* [What to produce] Please transcribe the entries below exactly and leave out every picture.

----- Exercise data -----

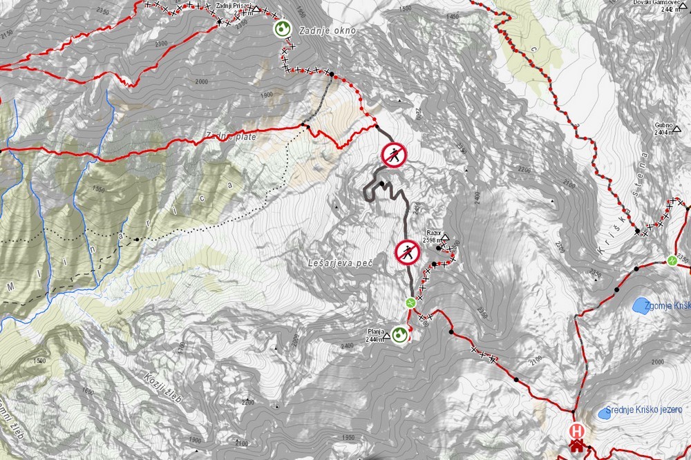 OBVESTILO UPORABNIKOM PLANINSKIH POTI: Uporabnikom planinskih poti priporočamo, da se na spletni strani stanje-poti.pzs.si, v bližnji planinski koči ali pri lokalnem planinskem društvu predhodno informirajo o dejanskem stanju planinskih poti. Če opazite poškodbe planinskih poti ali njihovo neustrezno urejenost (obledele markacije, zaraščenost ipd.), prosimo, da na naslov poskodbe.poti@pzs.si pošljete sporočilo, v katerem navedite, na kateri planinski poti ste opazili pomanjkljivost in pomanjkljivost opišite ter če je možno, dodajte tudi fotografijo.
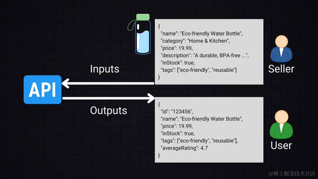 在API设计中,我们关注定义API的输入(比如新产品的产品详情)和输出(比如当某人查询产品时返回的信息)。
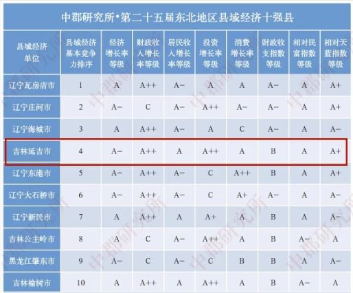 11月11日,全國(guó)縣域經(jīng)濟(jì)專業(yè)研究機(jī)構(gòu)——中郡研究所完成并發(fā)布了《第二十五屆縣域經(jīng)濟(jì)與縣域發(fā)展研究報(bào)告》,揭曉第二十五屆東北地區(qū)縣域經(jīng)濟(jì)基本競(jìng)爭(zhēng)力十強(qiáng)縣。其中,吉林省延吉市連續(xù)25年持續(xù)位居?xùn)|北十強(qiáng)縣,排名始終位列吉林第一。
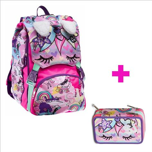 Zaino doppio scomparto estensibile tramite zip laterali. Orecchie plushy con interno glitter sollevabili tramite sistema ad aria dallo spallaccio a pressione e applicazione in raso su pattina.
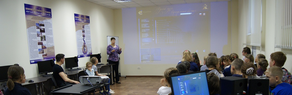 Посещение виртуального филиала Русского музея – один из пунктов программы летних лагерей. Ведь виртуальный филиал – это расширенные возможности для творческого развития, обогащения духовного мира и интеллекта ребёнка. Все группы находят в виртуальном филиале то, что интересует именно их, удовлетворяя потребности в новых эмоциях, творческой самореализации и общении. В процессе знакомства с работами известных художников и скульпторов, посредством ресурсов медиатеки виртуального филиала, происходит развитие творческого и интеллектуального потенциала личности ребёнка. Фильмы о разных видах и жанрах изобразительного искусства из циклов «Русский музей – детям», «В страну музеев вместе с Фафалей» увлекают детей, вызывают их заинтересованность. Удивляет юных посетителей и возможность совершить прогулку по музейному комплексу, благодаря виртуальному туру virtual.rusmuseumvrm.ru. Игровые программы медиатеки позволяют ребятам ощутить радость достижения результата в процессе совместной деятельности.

-----

* [Your response]
 OBVESTILO UPORABNIKOM PLANINSKIH POTI: Uporabnikom planinskih poti priporočamo, da se na spletni strani stanje-poti.pzs.si, v bližnji planinski koči ali pri lokalnem planinskem društvu predhodno informirajo o dejanskem stanju planinskih poti. Če opazite poškodbe planinskih poti ali njihovo neustrezno urejenost (obledele markacije, zaraščenost ipd.), prosimo, da na naslov poskodbe.poti@pzs.si pošljete sporočilo, v katerem navedite, na kateri planinski poti ste opazili pomanjkljivost in pomanjkljivost opišite ter če je možno, dodajte tudi fotografijo.
 在API设计中,我们关注定义API的输入(比如新产品的产品详情)和输出(比如当某人查询产品时返回的信息)。
 11月11日,全國(guó)縣域經(jīng)濟(jì)專業(yè)研究機(jī)構(gòu)——中郡研究所完成并發(fā)布了《第二十五屆縣域經(jīng)濟(jì)與縣域發(fā)展研究報(bào)告》,揭曉第二十五屆東北地區(qū)縣域經(jīng)濟(jì)基本競(jìng)爭(zhēng)力十強(qiáng)縣。其中,吉林省延吉市連續(xù)25年持續(xù)位居?xùn)|北十強(qiáng)縣,排名始終位列吉林第一。
 Zaino doppio scomparto estensibile tramite zip laterali. Orecchie plushy con interno glitter sollevabili tramite sistema ad aria dallo spallaccio a pressione e applicazione in raso su pattina.
 Посещение виртуального филиала Русского музея – один из пунктов программы летних лагерей. Ведь виртуальный филиал – это расширенные возможности для творческого развития, обогащения духовного мира и интеллекта ребёнка. Все группы находят в виртуальном филиале то, что интересует именно их, удовлетворяя потребности в новых эмоциях, творческой самореализации и общении. В процессе знакомства с работами известных художников и скульпторов, посредством ресурсов медиатеки виртуального филиала, происходит развитие творческого и интеллектуального потенциала личности ребёнка. Фильмы о разных видах и жанрах изобразительного искусства из циклов «Русский музей – детям», «В страну музеев вместе с Фафалей» увлекают детей, вызывают их заинтересованность. Удивляет юных посетителей и возможность совершить прогулку по музейному комплексу, благодаря виртуальному туру virtual.rusmuseumvrm.ru. Игровые программы медиатеки позволяют ребятам ощутить радость достижения результата в процессе совместной деятельности.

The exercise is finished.